::: Extracted entries :::

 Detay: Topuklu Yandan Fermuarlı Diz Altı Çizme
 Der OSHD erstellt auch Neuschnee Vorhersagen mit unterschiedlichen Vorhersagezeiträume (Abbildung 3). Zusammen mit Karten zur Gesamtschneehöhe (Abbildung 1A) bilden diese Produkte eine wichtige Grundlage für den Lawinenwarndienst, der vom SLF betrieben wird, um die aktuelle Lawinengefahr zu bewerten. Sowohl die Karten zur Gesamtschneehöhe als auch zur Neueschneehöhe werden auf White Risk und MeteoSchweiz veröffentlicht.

:::
::: Extracted entries :::

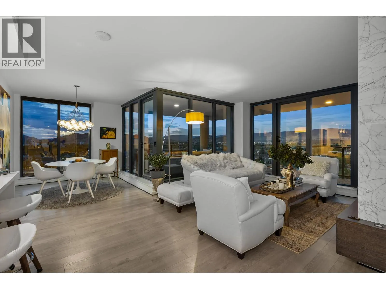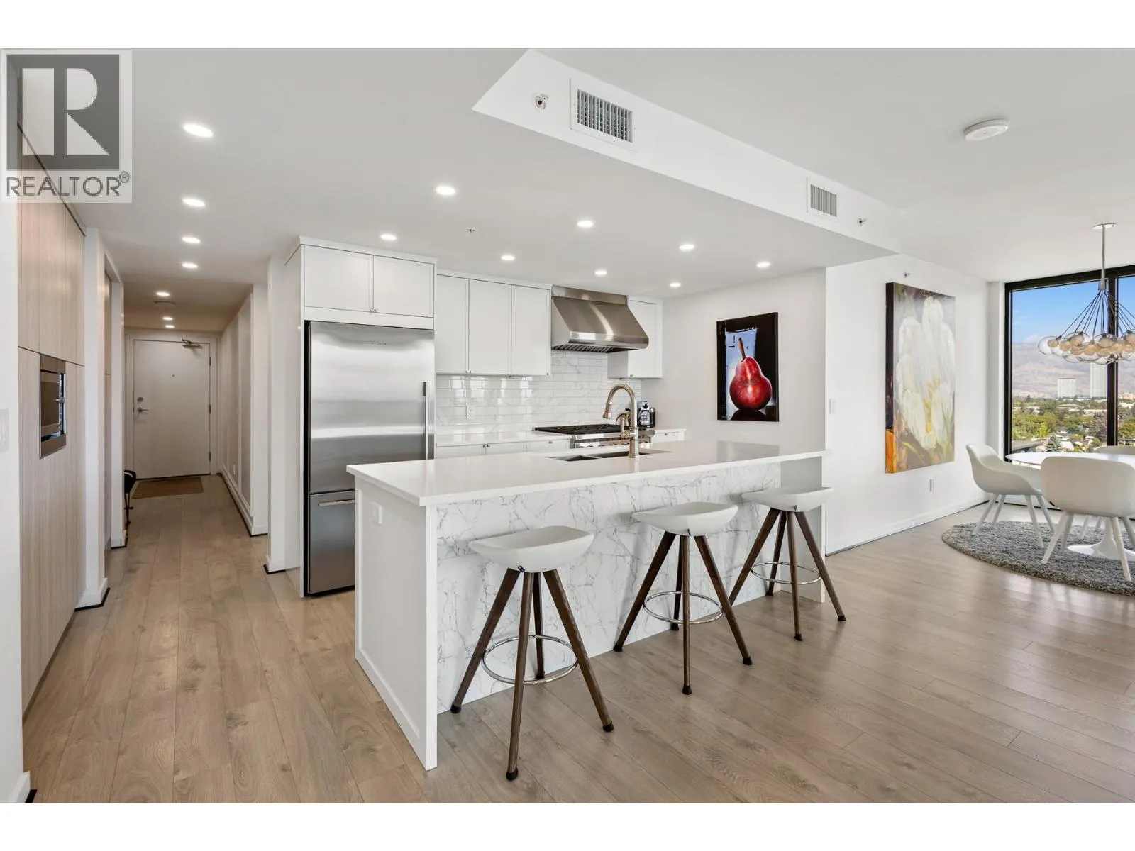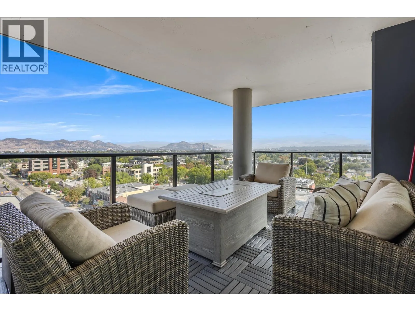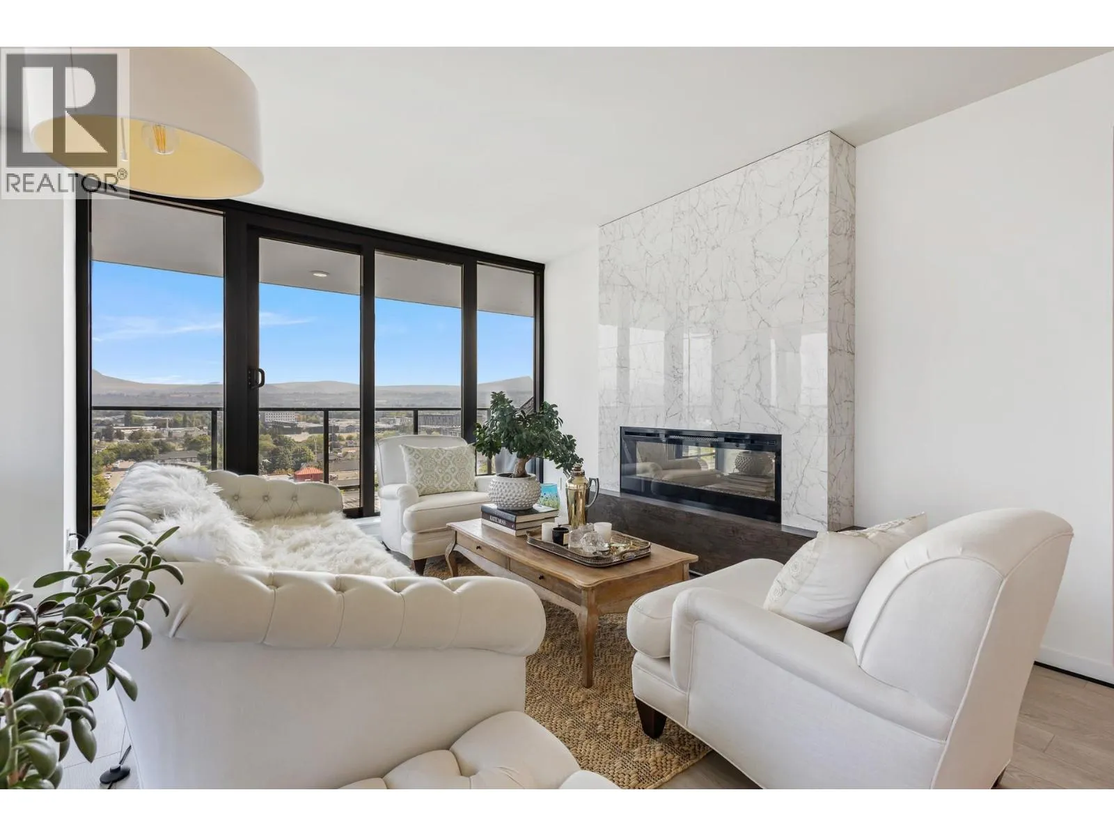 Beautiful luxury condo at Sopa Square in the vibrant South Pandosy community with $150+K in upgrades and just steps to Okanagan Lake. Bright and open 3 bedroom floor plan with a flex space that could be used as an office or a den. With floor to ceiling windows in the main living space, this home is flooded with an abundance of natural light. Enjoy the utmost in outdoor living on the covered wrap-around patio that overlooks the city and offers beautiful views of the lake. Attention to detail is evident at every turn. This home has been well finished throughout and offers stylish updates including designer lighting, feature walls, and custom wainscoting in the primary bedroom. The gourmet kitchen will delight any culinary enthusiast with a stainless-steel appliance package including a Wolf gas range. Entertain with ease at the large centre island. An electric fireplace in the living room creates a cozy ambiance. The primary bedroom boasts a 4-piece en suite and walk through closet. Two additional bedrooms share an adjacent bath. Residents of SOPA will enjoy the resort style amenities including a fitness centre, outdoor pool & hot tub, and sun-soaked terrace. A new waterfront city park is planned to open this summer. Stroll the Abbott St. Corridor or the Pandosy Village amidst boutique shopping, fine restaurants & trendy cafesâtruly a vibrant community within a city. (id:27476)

:::

▶ [About this exercise]: Copy out only the lines of the records above from the one with "Detay: Topuklu Yandan" through the one with "Der OSHD erstellt", exactly as they stand, both included.

▶ [Result of the task]:
 Detay: Topuklu Yandan Fermuarlı Diz Altı Çizme
 Der OSHD erstellt auch Neuschnee Vorhersagen mit unterschiedlichen Vorhersagezeiträume (Abbildung 3). Zusammen mit Karten zur Gesamtschneehöhe (Abbildung 1A) bilden diese Produkte eine wichtige Grundlage für den Lawinenwarndienst, der vom SLF betrieben wird, um die aktuelle Lawinengefahr zu bewerten. Sowohl die Karten zur Gesamtschneehöhe als auch zur Neueschneehöhe werden auf White Risk und MeteoSchweiz veröffentlicht.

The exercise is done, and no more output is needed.